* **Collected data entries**
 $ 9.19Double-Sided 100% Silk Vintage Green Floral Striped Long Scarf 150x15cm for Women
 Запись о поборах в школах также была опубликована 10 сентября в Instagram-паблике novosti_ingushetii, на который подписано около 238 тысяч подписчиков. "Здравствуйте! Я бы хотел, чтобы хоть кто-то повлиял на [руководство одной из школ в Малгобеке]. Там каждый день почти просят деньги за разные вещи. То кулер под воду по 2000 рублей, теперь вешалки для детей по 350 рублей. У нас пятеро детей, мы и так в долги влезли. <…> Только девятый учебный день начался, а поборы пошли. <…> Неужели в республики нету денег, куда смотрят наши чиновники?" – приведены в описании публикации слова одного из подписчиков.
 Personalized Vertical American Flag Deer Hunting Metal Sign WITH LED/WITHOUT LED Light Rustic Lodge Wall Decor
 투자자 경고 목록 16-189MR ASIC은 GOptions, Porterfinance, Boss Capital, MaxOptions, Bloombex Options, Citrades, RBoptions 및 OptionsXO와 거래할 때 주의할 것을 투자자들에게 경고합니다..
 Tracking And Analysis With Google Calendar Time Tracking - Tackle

...

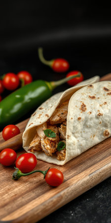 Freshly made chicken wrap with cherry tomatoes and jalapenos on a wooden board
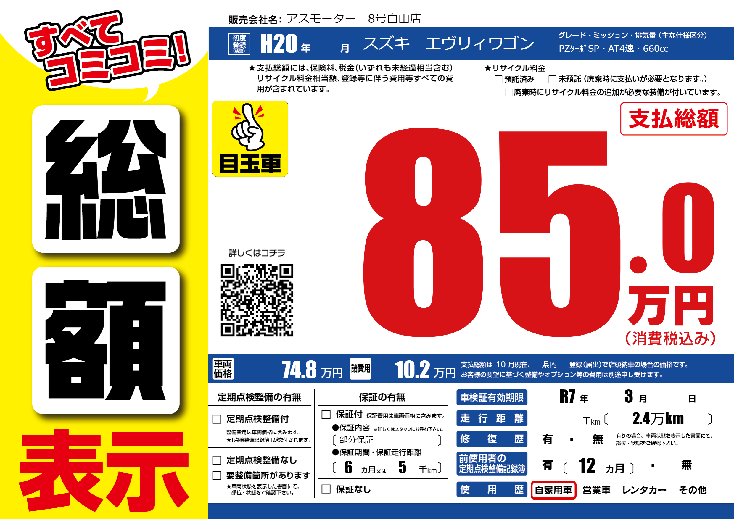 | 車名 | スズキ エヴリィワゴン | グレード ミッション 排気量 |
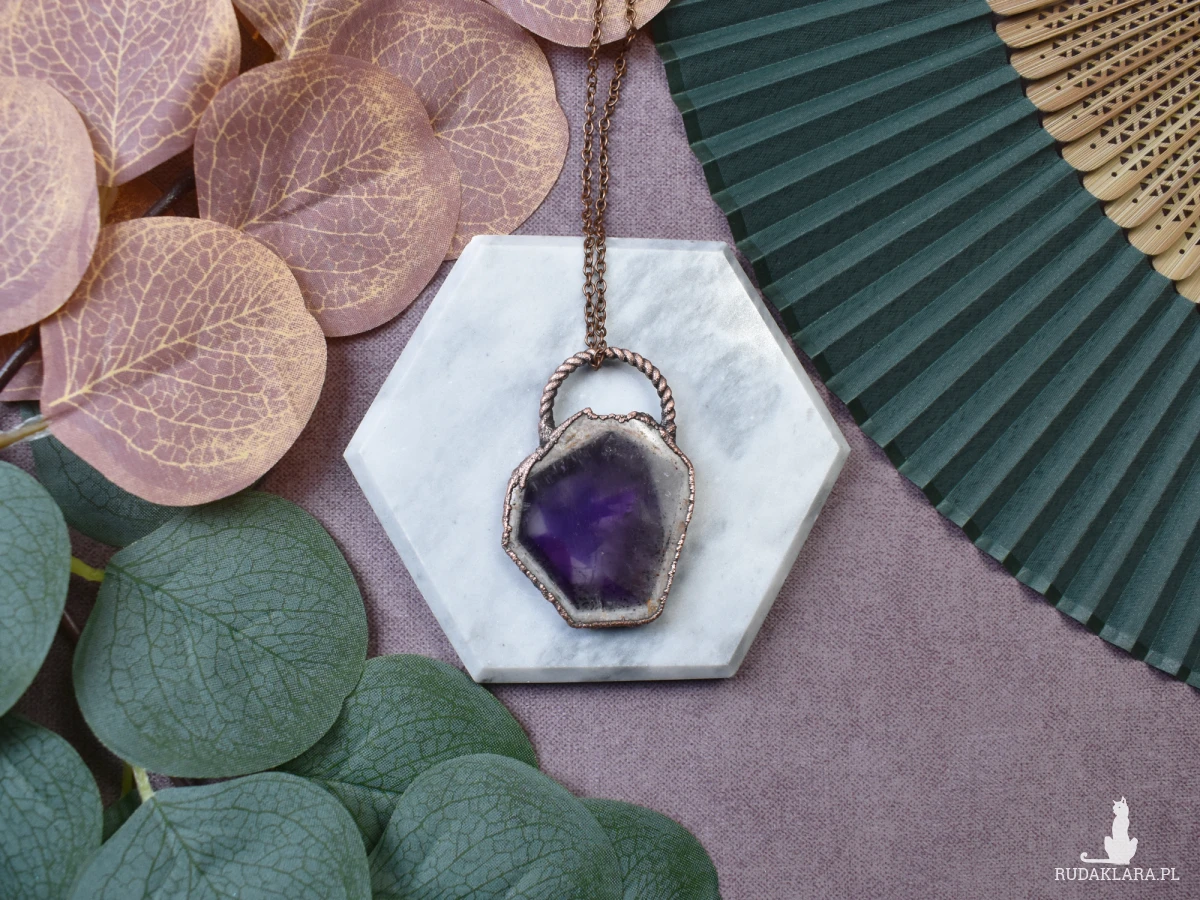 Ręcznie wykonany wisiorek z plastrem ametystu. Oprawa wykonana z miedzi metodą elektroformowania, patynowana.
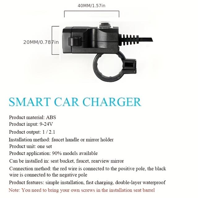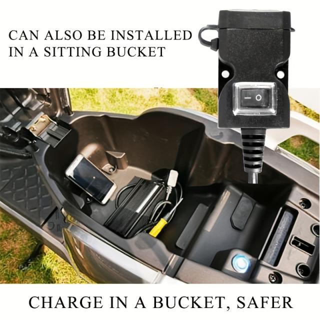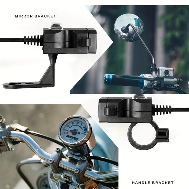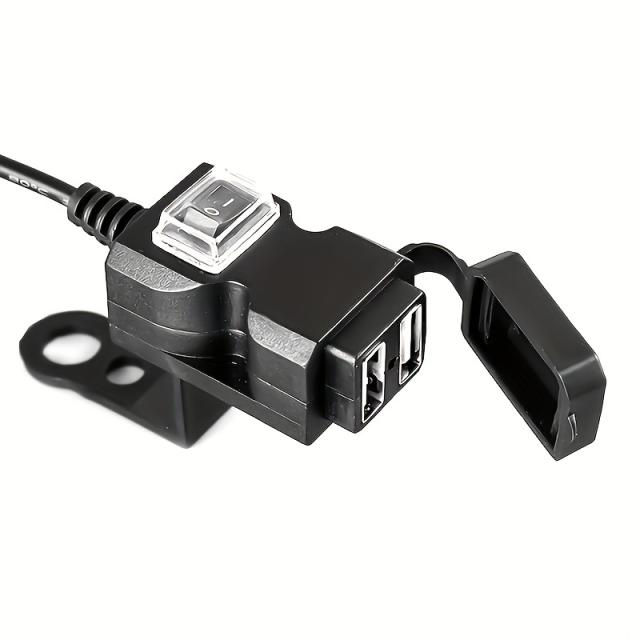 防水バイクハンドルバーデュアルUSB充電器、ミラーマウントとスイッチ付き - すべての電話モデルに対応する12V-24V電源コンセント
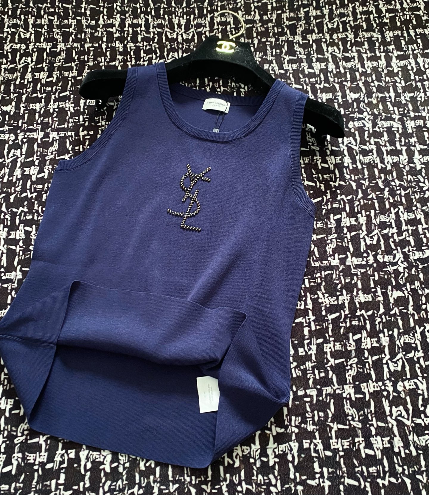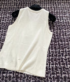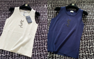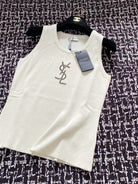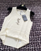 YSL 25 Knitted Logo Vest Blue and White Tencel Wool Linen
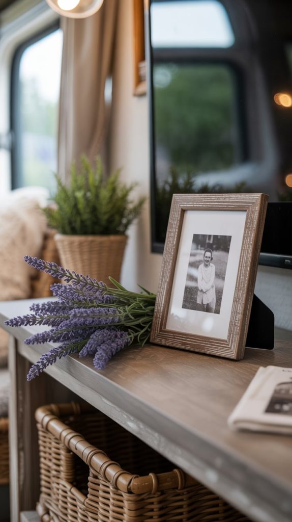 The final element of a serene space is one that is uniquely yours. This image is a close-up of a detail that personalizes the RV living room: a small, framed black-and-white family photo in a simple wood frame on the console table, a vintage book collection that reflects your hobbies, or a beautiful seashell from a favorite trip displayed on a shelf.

...

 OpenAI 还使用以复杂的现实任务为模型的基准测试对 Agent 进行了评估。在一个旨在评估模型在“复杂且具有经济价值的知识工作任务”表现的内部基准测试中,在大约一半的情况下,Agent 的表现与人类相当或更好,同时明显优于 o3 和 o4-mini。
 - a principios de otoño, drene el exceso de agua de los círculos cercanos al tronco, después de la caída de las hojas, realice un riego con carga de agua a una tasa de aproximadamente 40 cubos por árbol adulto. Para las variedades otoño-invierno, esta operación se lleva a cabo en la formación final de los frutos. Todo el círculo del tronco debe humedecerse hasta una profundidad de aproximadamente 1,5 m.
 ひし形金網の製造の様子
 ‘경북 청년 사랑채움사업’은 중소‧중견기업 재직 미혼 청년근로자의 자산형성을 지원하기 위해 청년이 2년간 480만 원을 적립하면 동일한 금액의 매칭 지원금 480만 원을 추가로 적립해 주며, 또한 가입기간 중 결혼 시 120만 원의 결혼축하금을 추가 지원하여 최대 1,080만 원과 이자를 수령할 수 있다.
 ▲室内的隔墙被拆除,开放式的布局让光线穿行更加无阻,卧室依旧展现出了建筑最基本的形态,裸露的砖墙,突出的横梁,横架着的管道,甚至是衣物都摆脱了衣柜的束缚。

* **TASK**
Using the data above, retype exactly the lines from the line with "Freshly made chicken" to the line with "The final element", inclusive. No pictures and nothing else.

* **ANSWER SPACE**
 Freshly made chicken wrap with cherry tomatoes and jalapenos on a wooden board
 | 車名 | スズキ エヴリィワゴン | グレード ミッション 排気量 |
 Ręcznie wykonany wisiorek z plastrem ametystu. Oprawa wykonana z miedzi metodą elektroformowania, patynowana.
 防水バイクハンドルバーデュアルUSB充電器、ミラーマウントとスイッチ付き - すべての電話モデルに対応する12V-24V電源コンセント
 YSL 25 Knitted Logo Vest Blue and White Tencel Wool Linen
 The final element of a serene space is one that is uniquely yours. This image is a close-up of a detail that personalizes the RV living room: a small, framed black-and-white family photo in a simple wood frame on the console table, a vintage book collection that reflects your hobbies, or a beautiful seashell from a favorite trip displayed on a shelf.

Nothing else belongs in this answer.